BAM/PFA Announces L@TE: Friday Nights @ BAM/PFA Programming for August 2011

RARE BAY AREA PERFORMANCES BY SIR RICHARD BISHOP AND EVANGELISTA HIGHLIGHT GUEST PROGRAMMER GEORGE CHEN'S L@TE SCHEDULE

Berkeley, CA June 29, 2011-(Download a PDF version of this press release.)The University of California, Berkeley Art Museum and Pacific Film Archive L@TE: Friday Nights @ BAM/PFA program returns in August with a three-part series of musical performances programmed by local musician, record label founder, and writer George Chen. Chen began exploring the underground with a high school zine called ZUM which evolved into a website and record label. His wide-ranging contributions to the local and national music scenes include launching the all-ages booking collective Club Sandwich and performing in musical projects such as KIT, Chen Santa Maria, 7 Year Rabbit Cycle, Common Elder Kind Elder, Vholtz, and Rys Chatham's two-hundred guitar composition “Crimson Grail.” His varied aesthetic affiliations, bridging multiple scenes, is reflected in his stellar line-up for L@TE which draws from the punk, classical, noise, and experimental music worlds and performance art.

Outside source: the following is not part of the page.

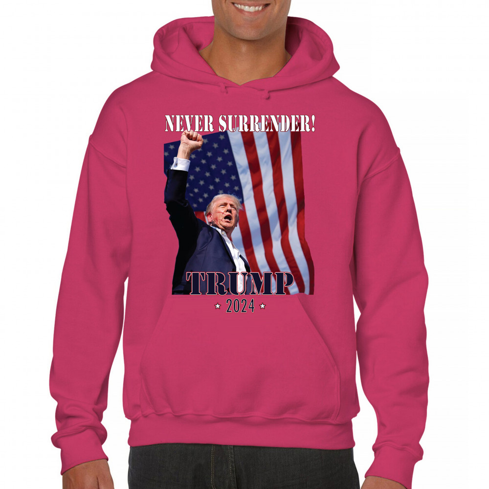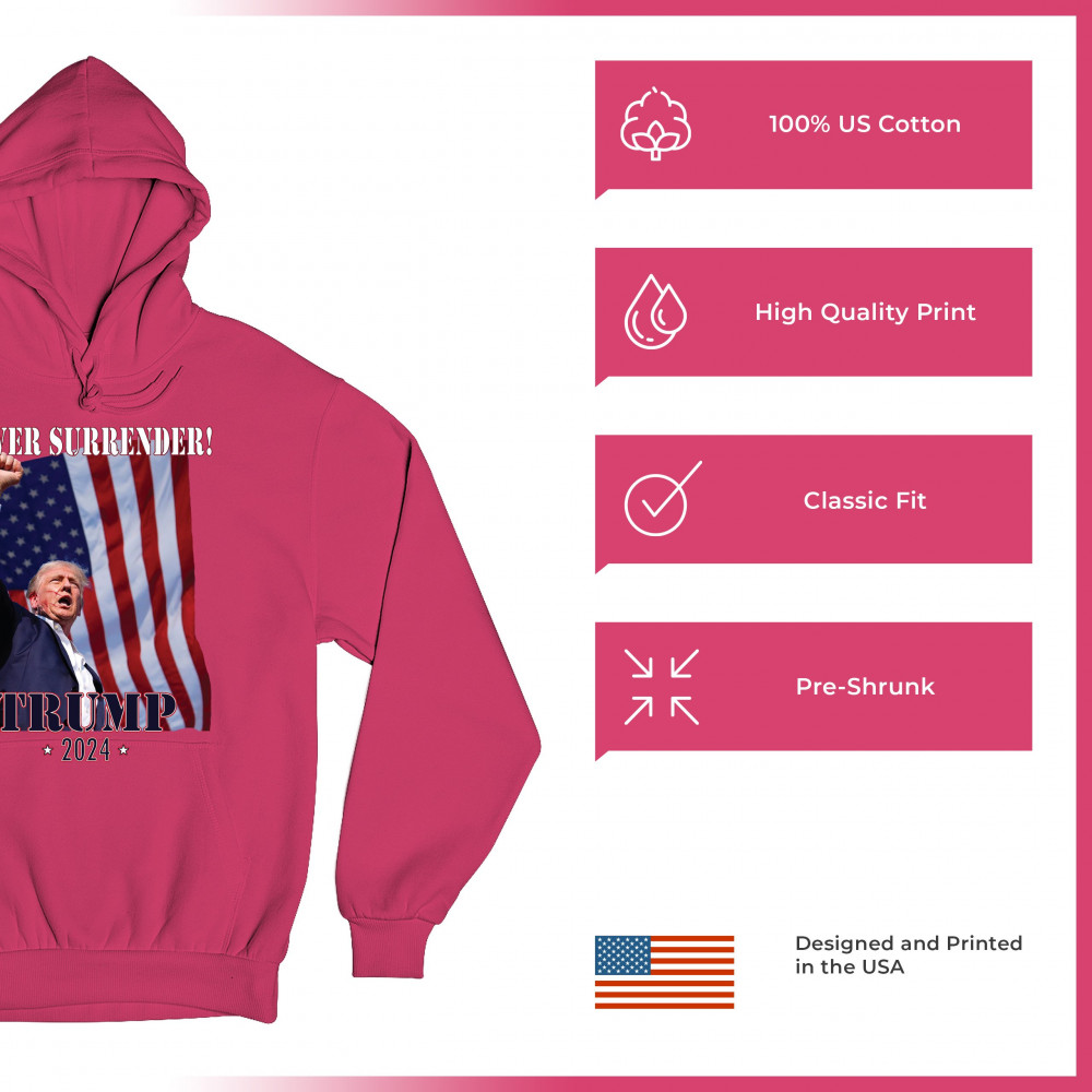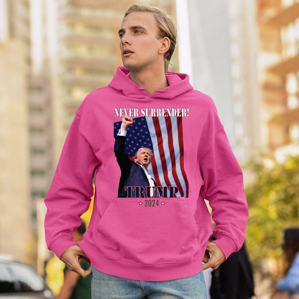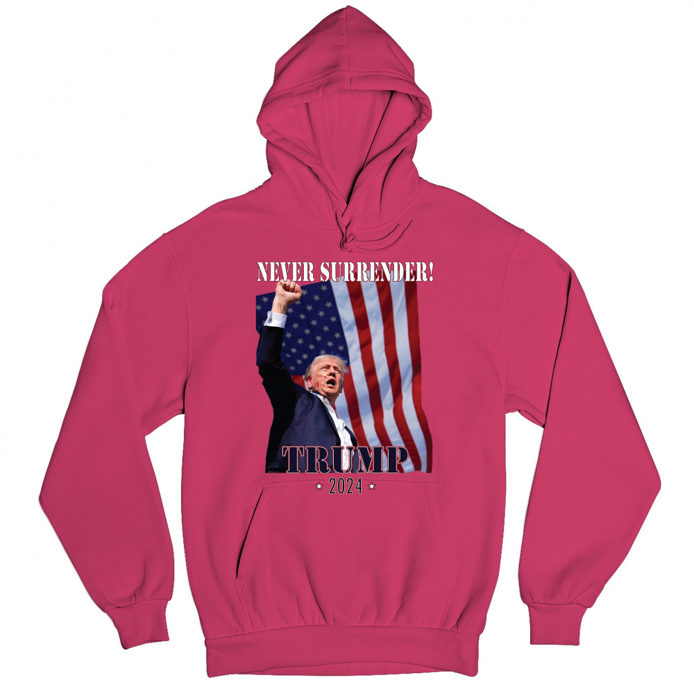 NEVER SURRENDER TRUMP 2024 sweatshirt president maga rally america fjb hoodie pink
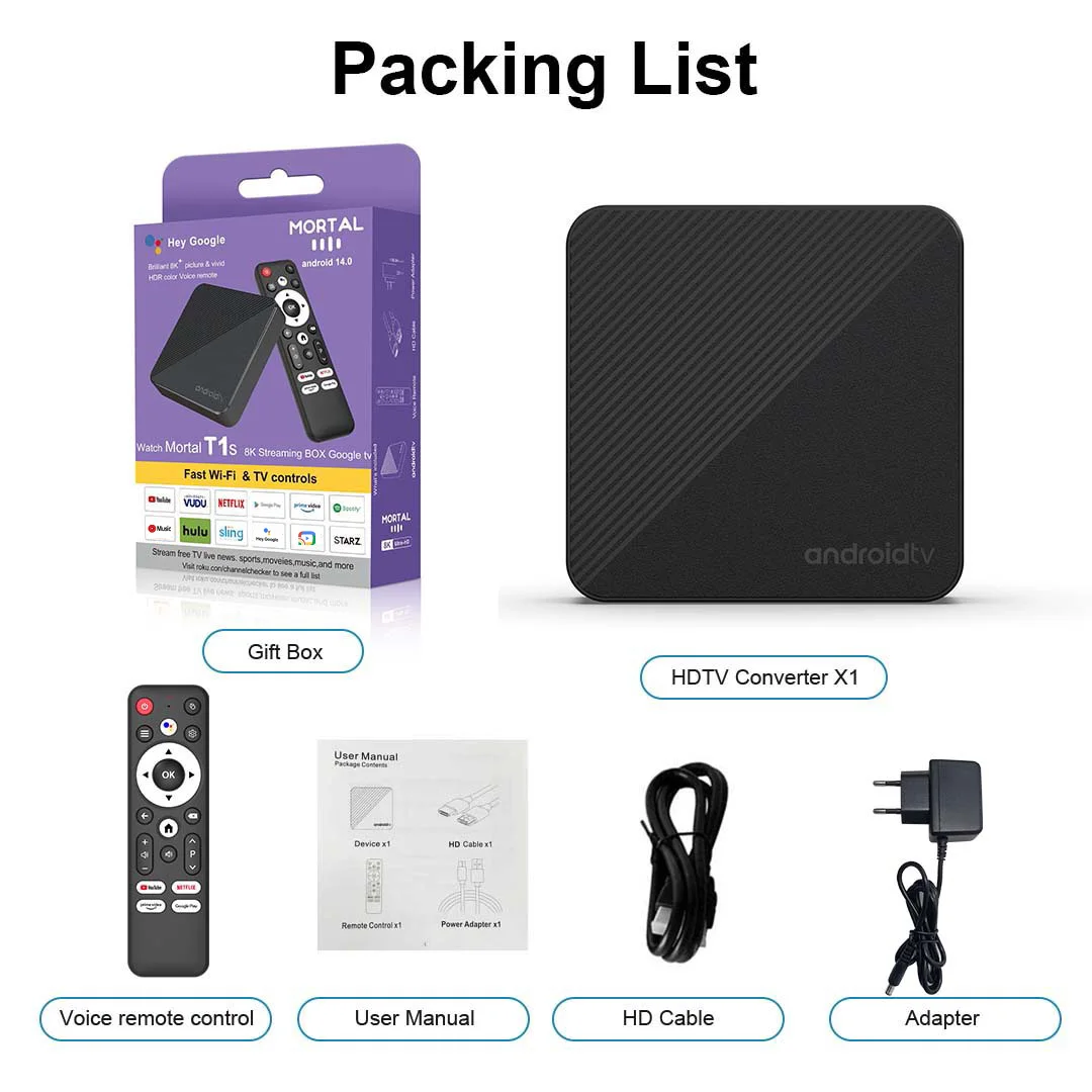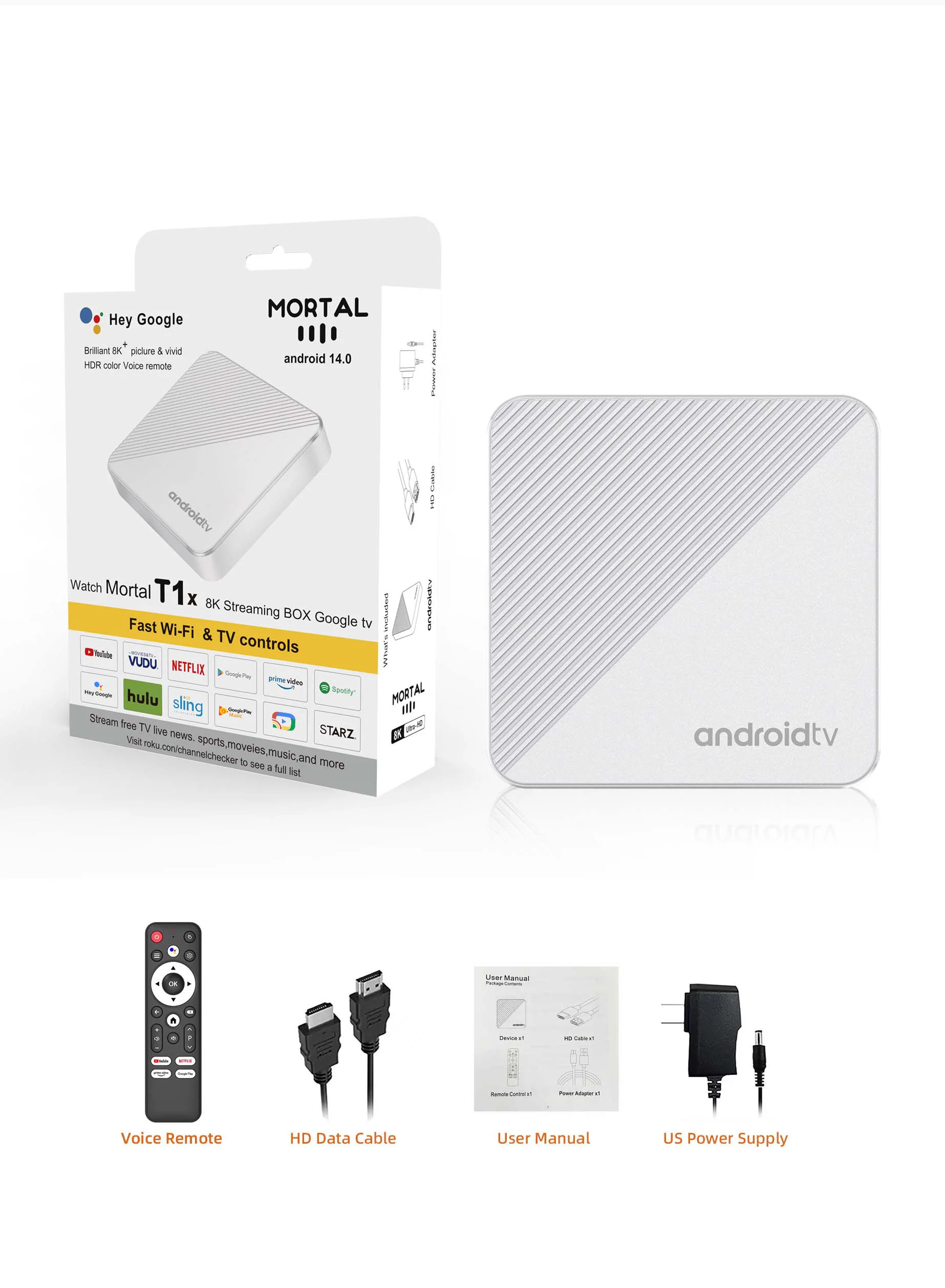 Wifi6 inteligente T1S TV Box Android14 Allwinner H313 Chip Quad-core 1000M Lan Bluetooth 5.0 Chromecast Streaming Media Player con Asistente de voz de Google

On August 5 Chen welcomes C. Spencer Yeh and David Horvitz. The Brooklyn-based violinist Yeh is best know for his experimental noise project Burning Star Core. As a solo artist he uses violin, voice, and electronics. His many collaborations include works and performances with artists such as Tony Conrad, Thurston Moore, Jandek, John Wiese, Prurient, Paul Flaherty, and Chris Corsano. For L@TE, Yeh will perform improvisations on voice and violin that utilize the open space of BAM/PFA's Gallery B. Fellow Brooklynite, photographer, and performance artist David Horvitz's activities emanate from a philosophy that “you can make something (or make something happen) anywhere at anytime in any circumstance.” For his most recent project Things for Sale That I Will Mail to You, Horvitz solicits his services to travel to remote parts of the globe to acquire rare objects for a price. In the prankster tradition, he stages surprising interactions that replicate the online experience. His absurdist social-practice approach to art will take full advantage of BAM/PFA and the L@TE audience.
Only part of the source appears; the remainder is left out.